Last summer when my wife was taking courses and I was taking care of the kids, M. & T. and I would go down to Chapters and spend a few hours browsing. It was during one of those trips that a book called Frindle caught my eye. The publisher's blurb was about a boy and a dictionary and a new word. I was hooked.

Somehow, though, we got onto a Roald Dahl kick and Frindle was shelved. It wasn't until last week that I remembered it, and pulled it out.

Nick is a sharp kid who usually has his teacher's number, but when he gets into grade five, he comes up against Mrs. Granger. "Mrs. Granger didn't enjoy the dictionary. She loved the dictionary." And she loved assigning vocabulary study from it. On the first day of class, Nick, thinking he could distract her and avoid the assignment asks, "Mrs. Granger, you have so many dictionaries in this room, and that huge one especially... Where did all those words come from?" As any good teacher will do, Mrs. Granger has Nick find the answer on his own, which leads him to his brilliant plan.

Two days later,

"Nick walked into the Penny Pantry store and asked the lady behind the counter for a frindle.

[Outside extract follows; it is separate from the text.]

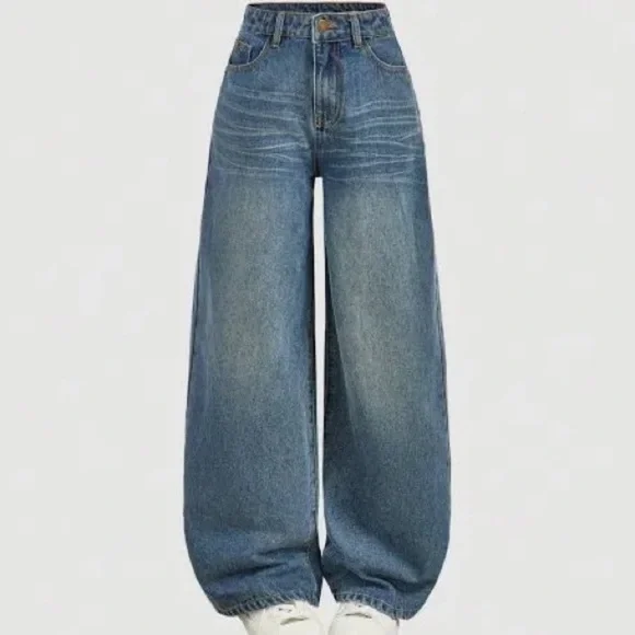 High Rise Wide Leg Distressed Jeans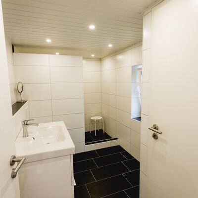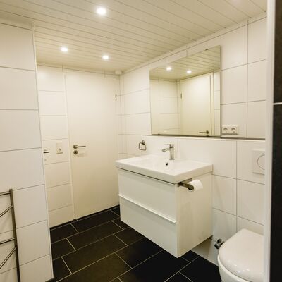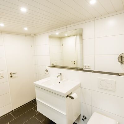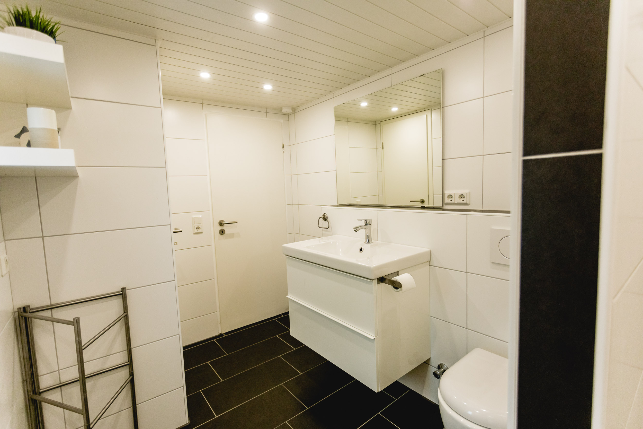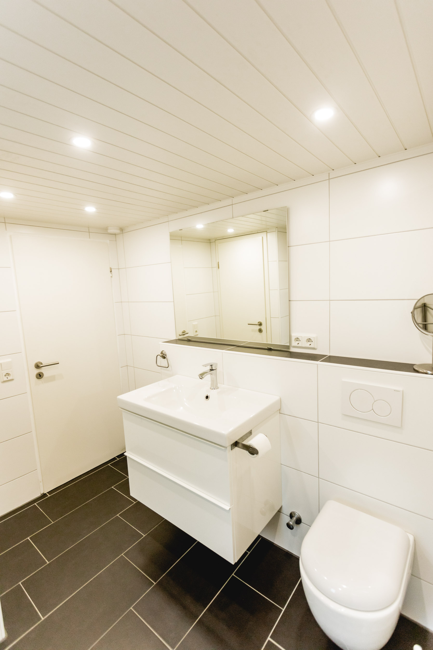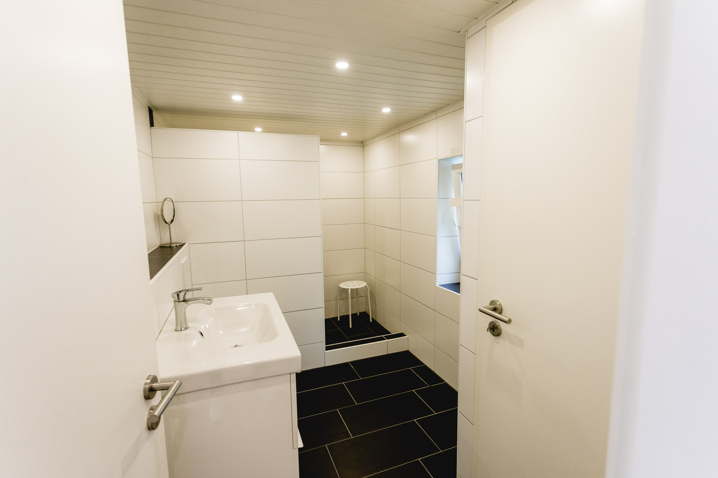 In diesem neumodernen Raum befindet sich das WC, die Dusche. Angrenzend haben Sie die Möglichkeiten zu waschen oder Ihr Kleinkind zu wickeln.

She squinted at him. "A what?"

A frindle, please. A black one," and Nick smiled at her.

She leaned over close and aimed one ear at him. "You want what?"

"A frindle," and this time Nick pointed at the ballpoint pens behind her one the shelf. "A black one, please."

The lady handed Nick the pen...

Six days later, Janet stood at teh counter of the penny Pantry. Same store, same lady. John had come in the day before, and Pete the day before that, and Chris the day before that, and Dave the day before that. Janet was the fifth kid that Nick had sent there to ask taht woman for a frindle.

And when she asked, the lady reached right for the pens and said, "Blue or black?"

The book is full of stuff like this. It's got it all: word coinage, prescriptivist/descriptivist battles, language change. It's the perfect introduction to linguistics for your average 8-year old (or your precocious 6-year old). And it's a damn good read too. After reading chapter 6 to T. & M. and saying goodnight, I took the book down and finished it myself.

Oh, and Mrs. Granger? She makes you see prescriptivism in a whole new light. Hooray for Dangerous Grangerous!